None of the experts I spoke to flat-out said that semaglutide should not be used to treat teenagers. Even those who were sensitive to the drug agreed that it may be suitable as a medicine in young people who really suffer from their obesity and do not really succeed in losing weight in any other way. That argument can be strengthened when simpler drugs—or those with fewer side effects—are allowed to be used by young people. This week, Novo Nordisk and Pfizer announced that the tablet version of the drug is winner of the first test.
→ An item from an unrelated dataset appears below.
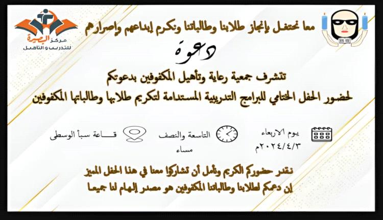 في إطار المشاركة الفعالة ، وبدعوة كريمة من جمعية رعاية وتأهيل المكفوفين م / عدن ، وبالتعاون مع مركز البصيرة للتأهيل والتدريب التابع لجمعية المكفوفين ينظمان حفل ختامي للبرامج التدريبية المستدامة لتكريم طلابها وطالباتها.

Even without all the answers to how the drug will affect young people in the long term, Fitch predicted that “the adoption of semaglutide and other anti-obesity drugs in the pediatric population will be slow and gradual.” Ultimately, they can be seen as one of several weight loss tools to help set children up for a healthy lifestyle. Treating adolescent obesity shouldn’t be an “either-or” decision, Ludwig said: “It’s either.” He said that combining semaglutide with a low-carbohydrate diet, for example, could be Synergistic effects on adolescent weight loss.
For the foreseeable future, semaglutide is not as readily available to young adults as it is to older adults. Despite all the confusion surrounding Ozempic, experts and their patients are left with a difficult choice using various dangerous tests: what will happen if young people are treated with drugs, and what will happen if they do not. Either way, young people have a lot to gain—and a lot to lose.